What the task requires: Look below for the line that contains "This watch comes", then copy it and each following line to the end of the records, minus any pictures.

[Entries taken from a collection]

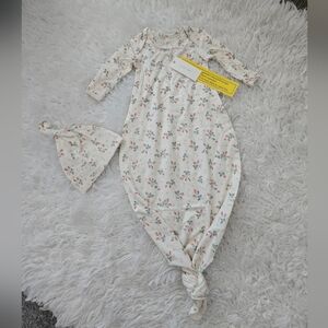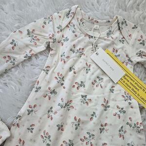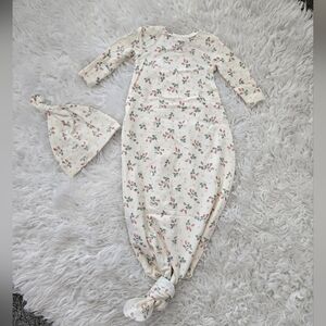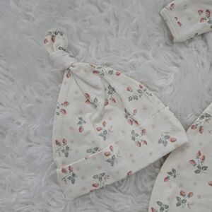 Quincy Mae Knotted Baby Gown + Hat Set. Strawberries. One Size. New.Knotted ba
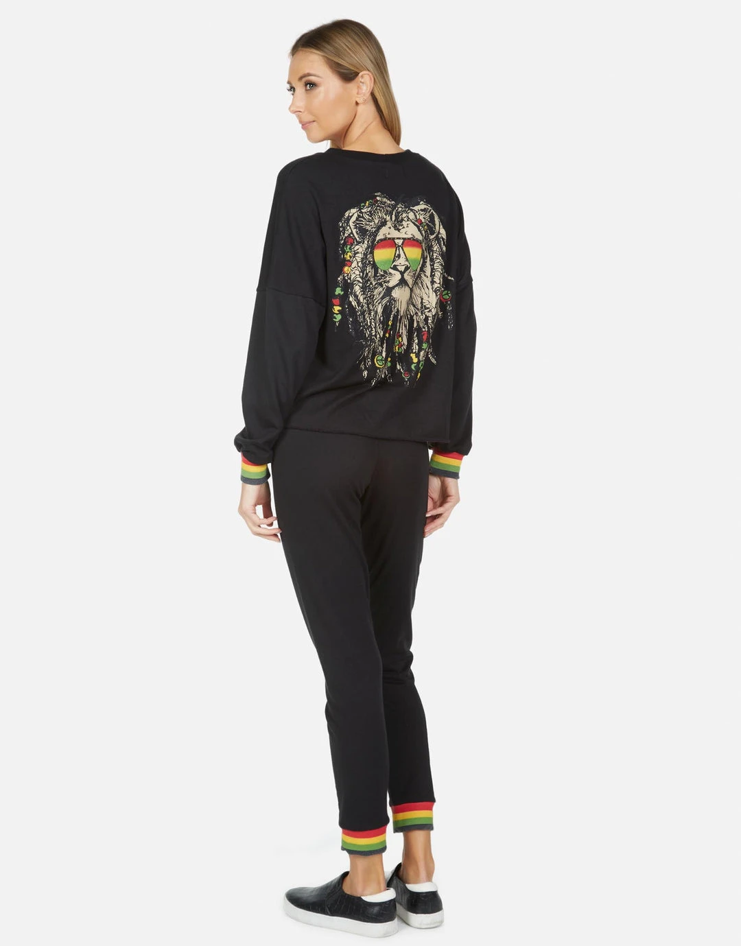 Rasta Lion Printed on Ultra Soft Lightweight Sweatpant in Black by Lauren Moshi.
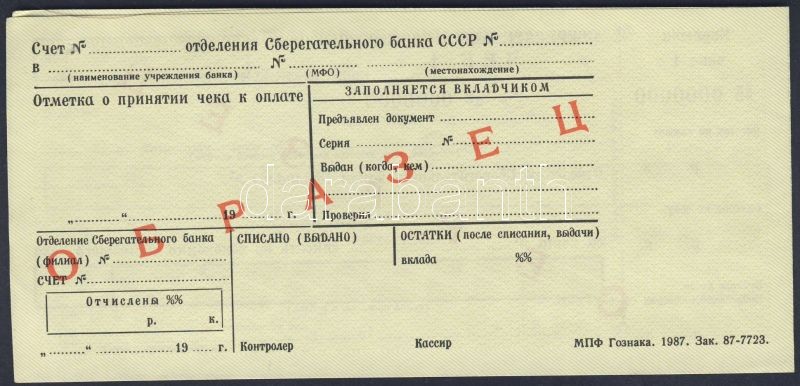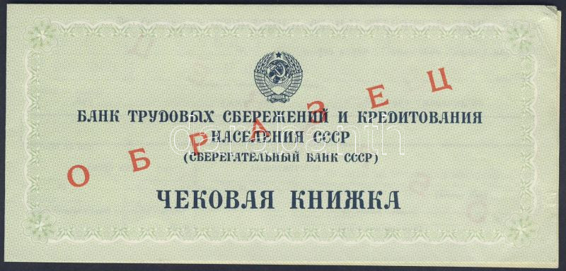 Szovjetunió 1987. Csekkfüzet piros "Minta" fny-sal T:I- https://www.darabanth.com/de/82-Fernauktion/82.0/Numismatik/~244/Szovjetunio-1987-Csekkfuzet-piros-Minta-fny-sal-TI-~II174163
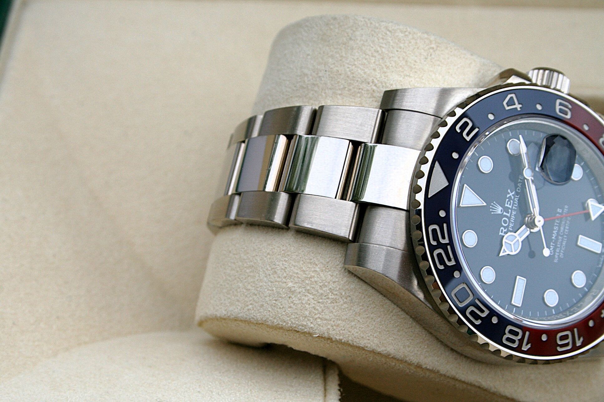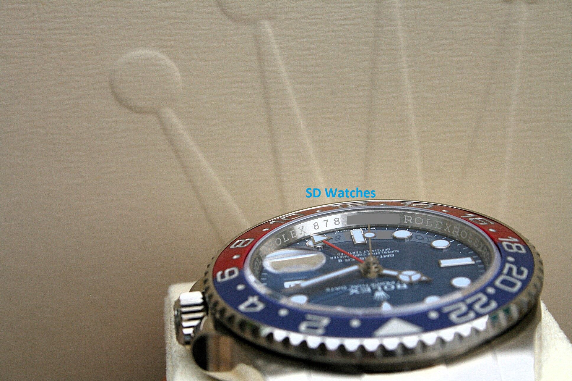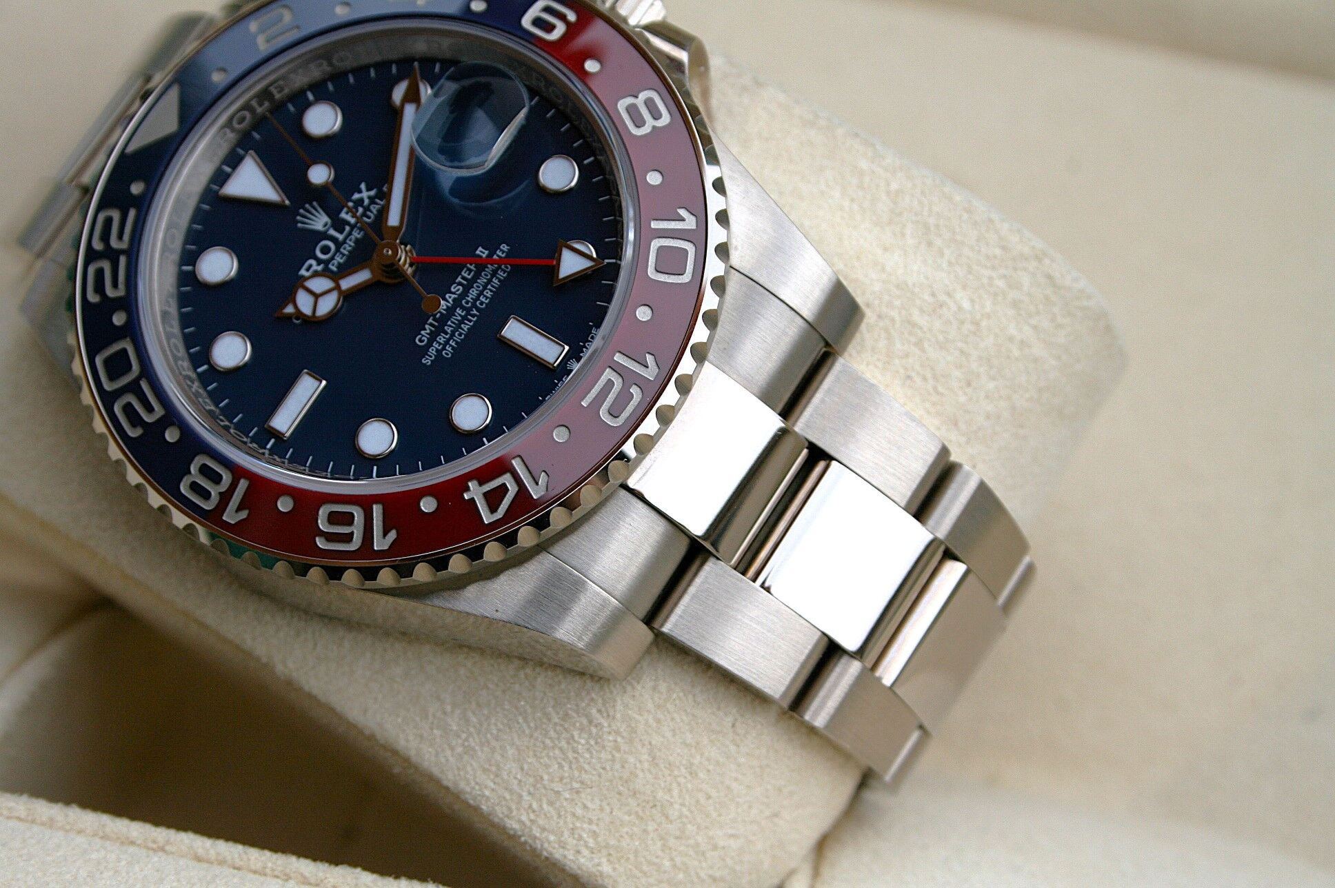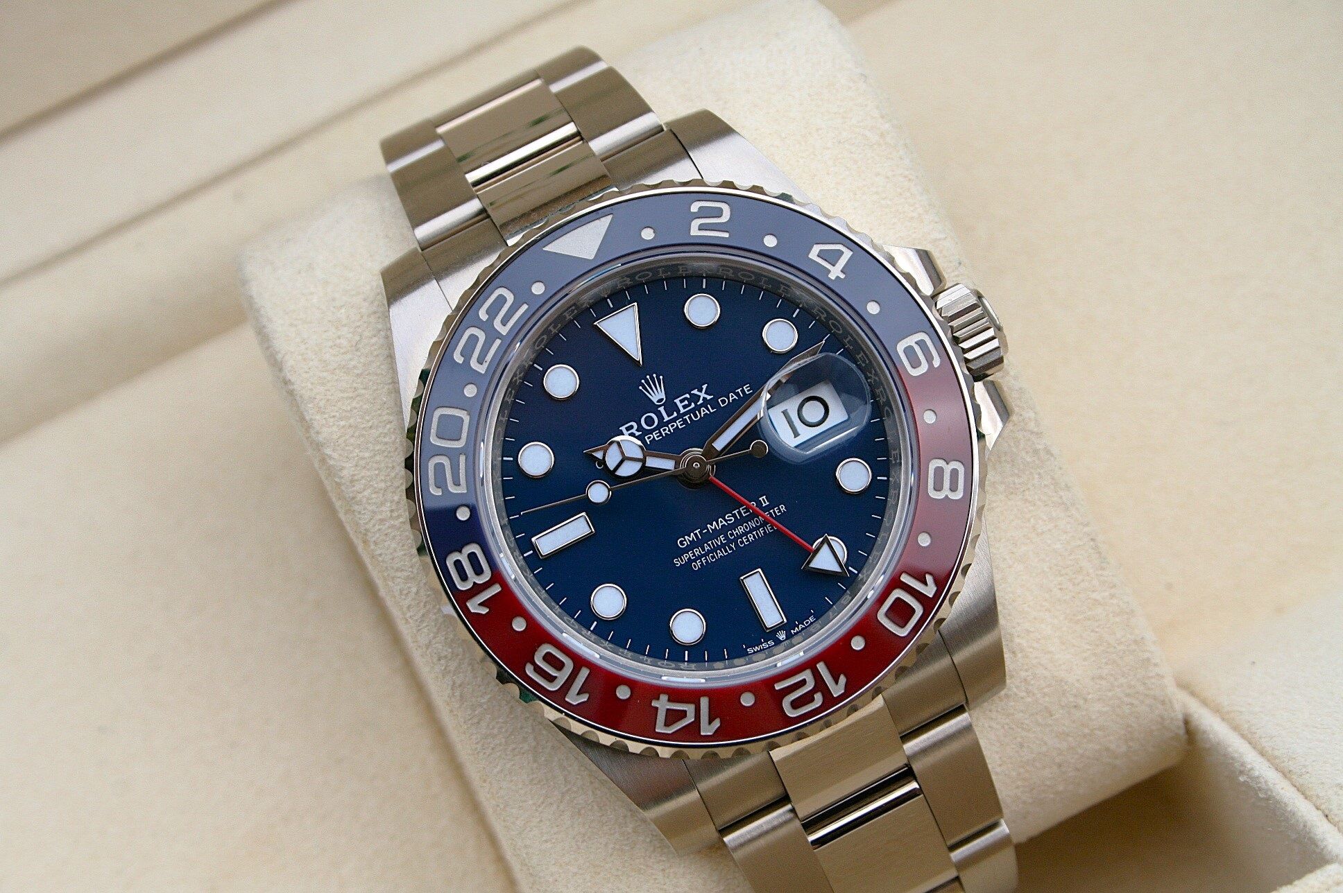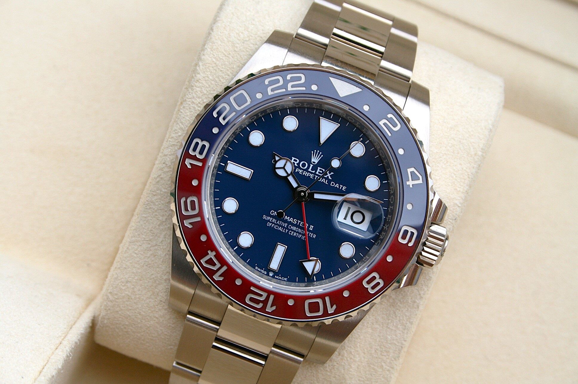 This watch comes in 18K White gold, 40MM case with Blue dial and red and blue bezel known as Pepsi GMT II.
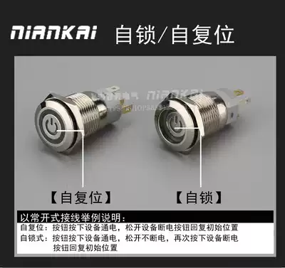22mm metal button self-locking power symbol ring self-reset flat head with light small start switch modification

Response:
 This watch comes in 18K White gold, 40MM case with Blue dial and red and blue bezel known as Pepsi GMT II.
22mm metal button self-locking power symbol ring self-reset flat head with light small start switch modification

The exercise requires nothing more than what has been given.